##### MATERIAL TO PROCESS #####
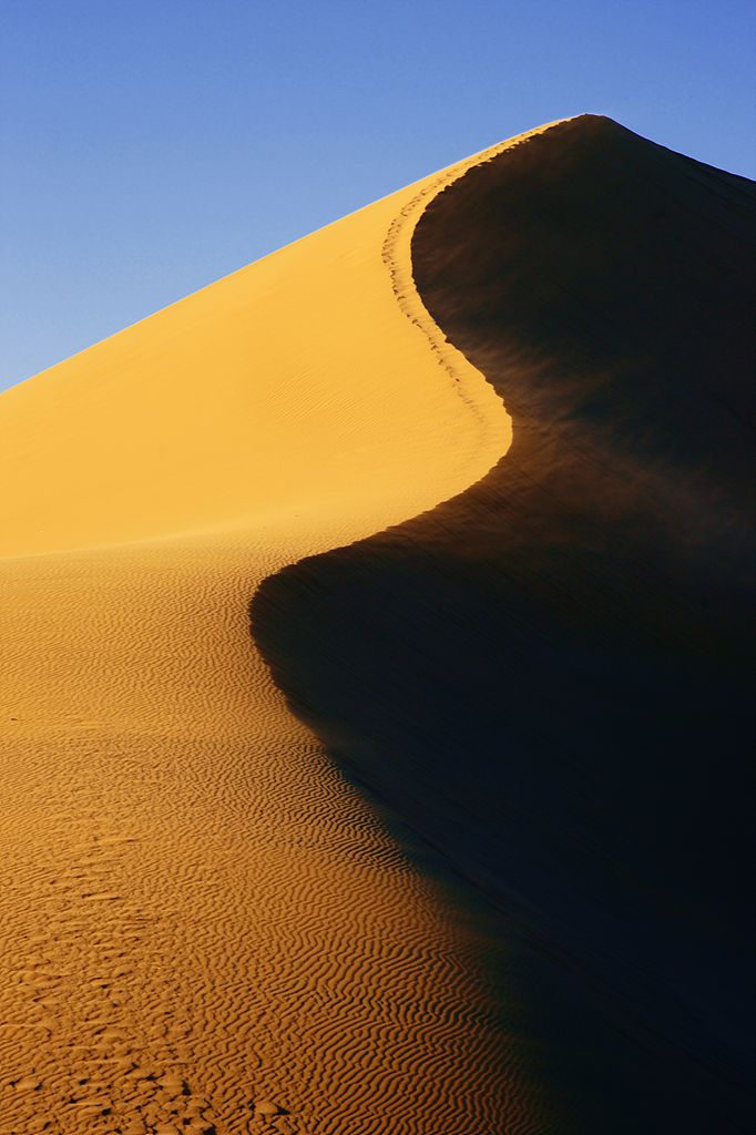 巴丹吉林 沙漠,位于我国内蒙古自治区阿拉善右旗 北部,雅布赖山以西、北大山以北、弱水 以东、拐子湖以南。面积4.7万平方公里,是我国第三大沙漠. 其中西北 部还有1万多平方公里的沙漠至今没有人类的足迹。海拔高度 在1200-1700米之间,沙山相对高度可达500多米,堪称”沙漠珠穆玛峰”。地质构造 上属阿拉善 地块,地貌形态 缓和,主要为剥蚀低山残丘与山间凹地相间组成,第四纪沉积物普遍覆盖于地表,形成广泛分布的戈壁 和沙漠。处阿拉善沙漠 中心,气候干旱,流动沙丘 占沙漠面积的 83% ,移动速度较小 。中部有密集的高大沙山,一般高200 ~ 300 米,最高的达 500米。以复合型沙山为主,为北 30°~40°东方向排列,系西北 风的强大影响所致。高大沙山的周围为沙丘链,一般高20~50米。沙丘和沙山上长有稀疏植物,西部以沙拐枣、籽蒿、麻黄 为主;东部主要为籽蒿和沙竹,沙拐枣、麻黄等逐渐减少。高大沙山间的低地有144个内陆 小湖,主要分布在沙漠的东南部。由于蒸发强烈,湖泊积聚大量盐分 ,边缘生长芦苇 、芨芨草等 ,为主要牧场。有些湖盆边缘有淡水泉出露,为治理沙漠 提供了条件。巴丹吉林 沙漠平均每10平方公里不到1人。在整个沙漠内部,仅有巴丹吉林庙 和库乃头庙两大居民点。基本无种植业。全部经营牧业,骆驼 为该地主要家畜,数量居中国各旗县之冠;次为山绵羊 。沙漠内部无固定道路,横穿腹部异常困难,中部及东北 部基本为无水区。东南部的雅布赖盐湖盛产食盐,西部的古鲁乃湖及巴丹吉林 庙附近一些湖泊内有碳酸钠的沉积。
#####
##### MATERIAL TO PROCESS #####
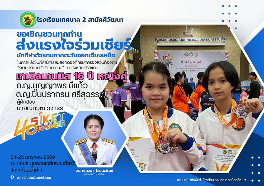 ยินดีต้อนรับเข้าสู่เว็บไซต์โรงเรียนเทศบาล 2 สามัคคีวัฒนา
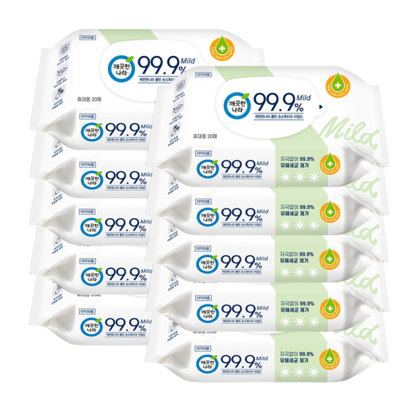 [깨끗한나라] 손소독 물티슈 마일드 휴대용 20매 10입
#####
##### MATERIAL TO PROCESS #####
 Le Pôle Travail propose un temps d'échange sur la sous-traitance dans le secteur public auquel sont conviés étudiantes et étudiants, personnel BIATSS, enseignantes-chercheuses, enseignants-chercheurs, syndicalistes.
#####
* [EXERCISE]
Reproduce the entries exactly, from the line with "ยินดีต้อนรับเข้าสู่เว็บไซต์โรงเรียนเทศบาล 2 สามัคคีวัฒนา" to the line with "[깨끗한나라] 손소독 물티슈 마일드 휴대용 20매 10입", both lines included, keeping no pictures.

* [SOLVED PROBLEM]
 ยินดีต้อนรับเข้าสู่เว็บไซต์โรงเรียนเทศบาล 2 สามัคคีวัฒนา
 [깨끗한나라] 손소독 물티슈 마일드 휴대용 20매 10입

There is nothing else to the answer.